REQUIREMENT:
Copy the listing verbatim, excluding any images found in it.

DATA BELOW:
◆ ◆ ◆
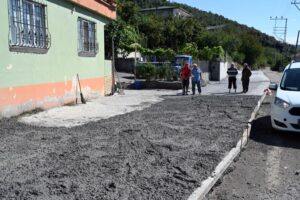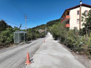 Bölgeden geçen ağır tonajlı araçlar nedeniyle bozulan yolda Belediye Fen İşleri Müdürlüğü ekiplerince başlatılan çalışma sonucu öncelikle bozulan zemin söküldü. 2 şerit, 400 metre uzunluk ve 7 metre genişlikte beton yol yapım çalışmalarında sona gelindi.
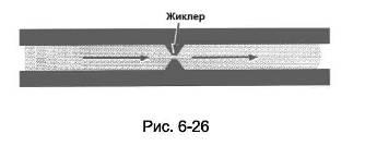 При поступлении жидкости из правой входной магистрали шарик перекатывается и садится в левое седло клапана, перекрывая тем самым доступ жидкости в левую входную магистраль (рис.6-16а). ATF из правой входной магистрали через клапан направляется в выходную магистраль. В случае, если жидкость подводится к клапану через левую входную магистраль, шарик перекрывает правую входную магистраль (рис.6-16б), обеспечивая тем самым доступ ATF из левой входной магистрали в выходную магистраль.
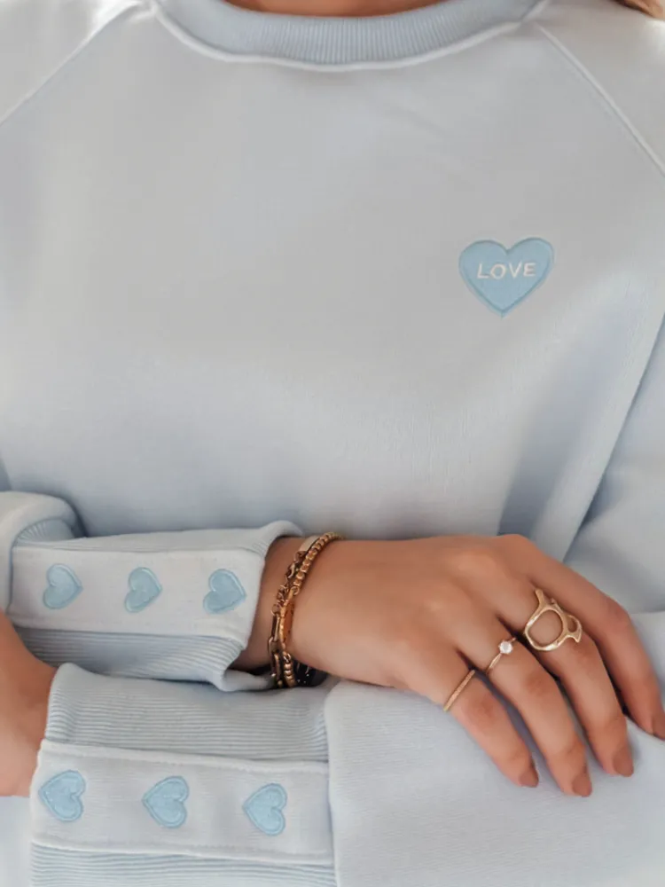Oversize’owa bluza damska z dekoracyjnym haftem serca i napisem „LOVE” na piersi oraz uroczymi serduszkami na rękawach. Model wkładany przez głowę, bez kaptura, z okrągłym dekoltem i ściągaczami. Uniwersalny rozmiar pasuje od XS do L. Miękki materiał zapewnia komfort noszenia. Idealna propozycja na wiosenne stylizacje.
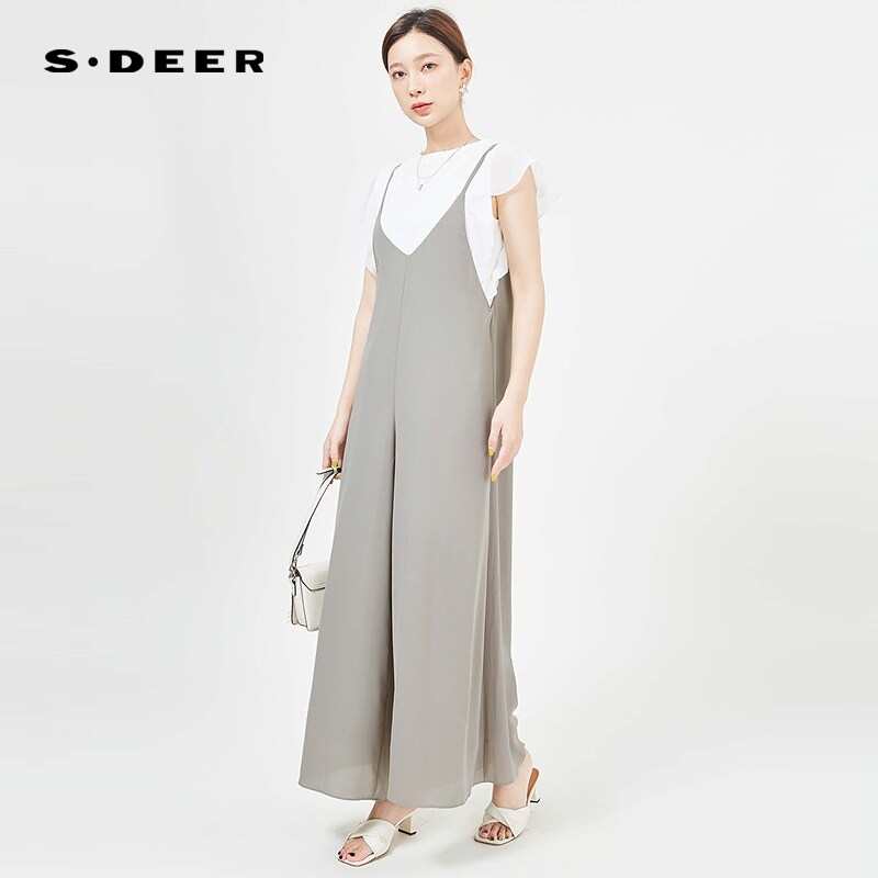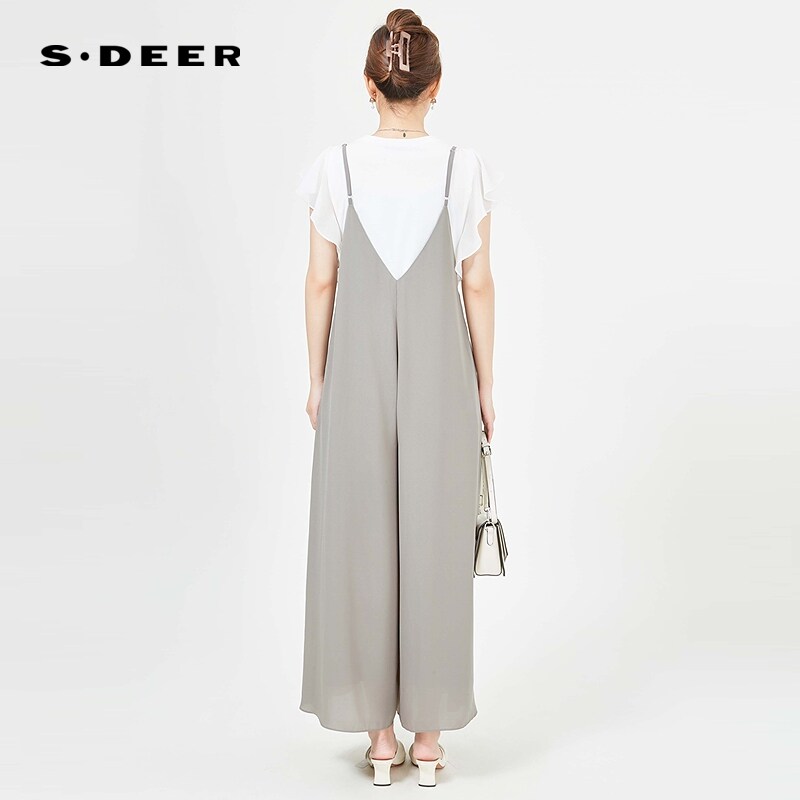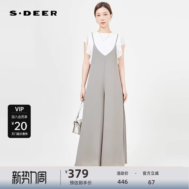 sdeer圣迪奥女装法式复古垂坠针织衫背带裤套装S242Z1446
◆ ◆ ◆
TASK ANSWER:
 Bölgeden geçen ağır tonajlı araçlar nedeniyle bozulan yolda Belediye Fen İşleri Müdürlüğü ekiplerince başlatılan çalışma sonucu öncelikle bozulan zemin söküldü. 2 şerit, 400 metre uzunluk ve 7 metre genişlikte beton yol yapım çalışmalarında sona gelindi.
 При поступлении жидкости из правой входной магистрали шарик перекатывается и садится в левое седло клапана, перекрывая тем самым доступ жидкости в левую входную магистраль (рис.6-16а). ATF из правой входной магистрали через клапан направляется в выходную магистраль. В случае, если жидкость подводится к клапану через левую входную магистраль, шарик перекрывает правую входную магистраль (рис.6-16б), обеспечивая тем самым доступ ATF из левой входной магистрали в выходную магистраль.
Oversize’owa bluza damska z dekoracyjnym haftem serca i napisem „LOVE” na piersi oraz uroczymi serduszkami na rękawach. Model wkładany przez głowę, bez kaptura, z okrągłym dekoltem i ściągaczami. Uniwersalny rozmiar pasuje od XS do L. Miękki materiał zapewnia komfort noszenia. Idealna propozycja na wiosenne stylizacje.
 sdeer圣迪奥女装法式复古垂坠针织衫背带裤套装S242Z1446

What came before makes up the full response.